Грузинская демократическая республика троллей


Дмитрий Мониава
Дмитрий Мониава

На какие цифры в социологическом опросе вы обращаете внимание в первую очередь? Почти все эксперты и журналисты, которым автор задал этот вопрос, ответили: «На рейтинги партий». Часть из них, заподозрив подвох, начала отшучиваться, а один почему-то засмущался, как семинарист, проходящий мимо эротического плаката. Результат эксперимента подтверждается следующим фактом: абсолютное большинство первых публикаций и оценок после соцопроса посвящают партиям, игнорируя интересные и важные показатели, помогающие понять, почему именно меняются настроения. Но агональный (состязательный) характер партийных рейтингов все равно притягивает зрителей, словно схватка именитых борцов во Дворце спорта.

Когда в декабре респондентов NDI попросили назвать партию, которая ближе всего стоит к их взглядам, 25% выбрали «Грузинскую мечту», 6% – «Нацдвижение», а 13% – другие партии.

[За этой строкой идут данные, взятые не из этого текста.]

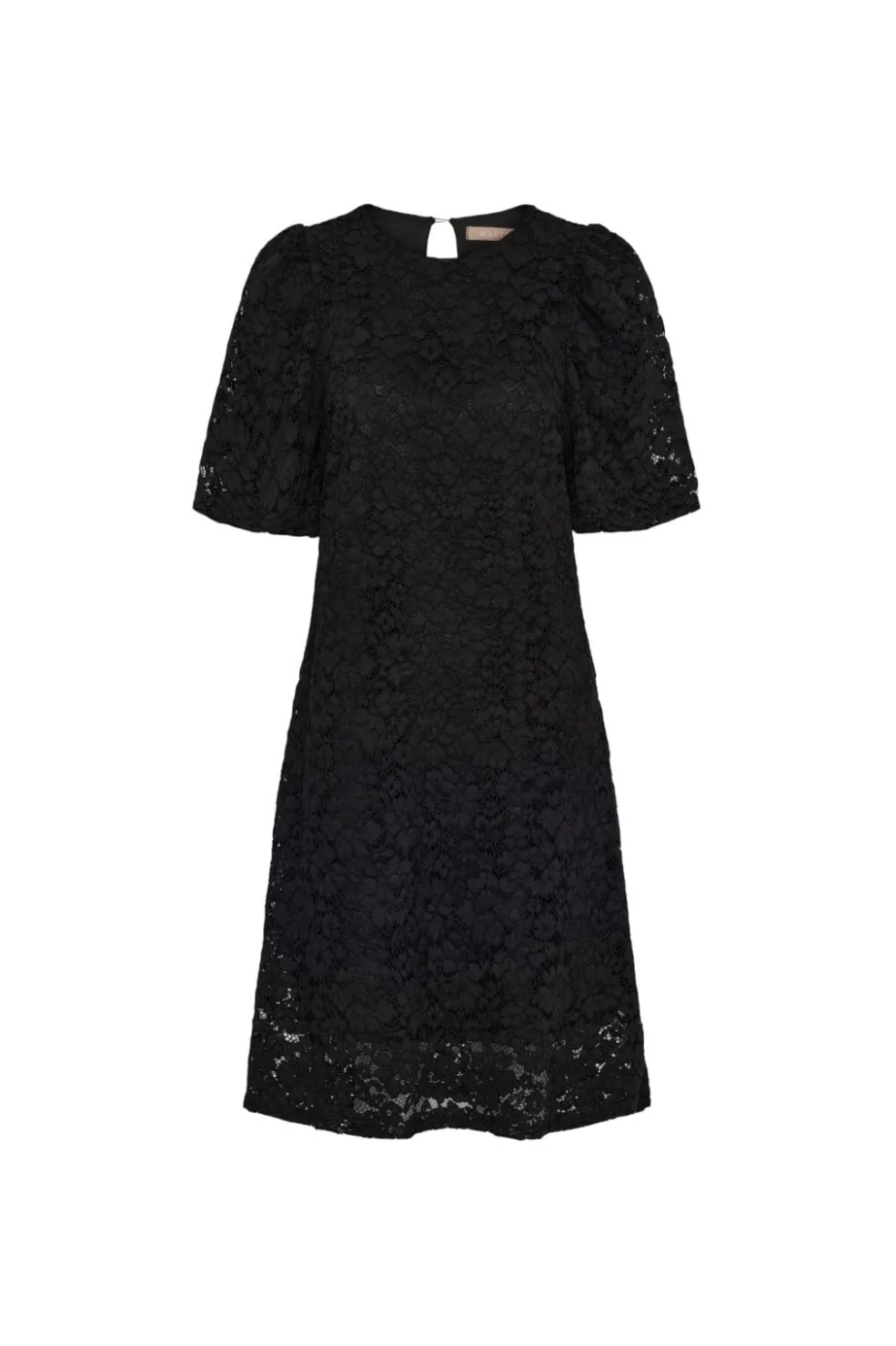Sort knælang kjole fra Marta Du Chateau med blomsterblondemønster. Kjolen har puffede ærmer, rund hals og knaplukning i ryggen.

Колебания по сравнению с предыдущим, июльским опросом минимальны – показатель «националов» снизился на 2%, вероятно, из-за острого внутрипартийного конфликта, а остальные цифры не изменились. Но четырехкратное превосходство партии Иванишвили над партией Саакашвили все же имеет определенное психологическое значение для их сторонников. В недавнем прошлом столь серьезный разрыв между двумя ведущими партиями в опросе NDI наблюдался лишь в конце 2016 года (если не принимать во внимание нехарактерные показатели 2020-го, когда правительство вовсю «пиарилось» в ходе борьбы с пандемией, а оппозиция вынужденно бездействовала). Эти цифры – не приговор; к тому же количество неопределившихся респондентов традиционно велико – 56% не самый низкий, но и не самый высокий уровень за последнюю пятилетку. Тем не менее итоги опроса побудили депутата от «Нацдвижения» Хатию Деканоидзе сказать: «Оппозиции действительно следует задуматься».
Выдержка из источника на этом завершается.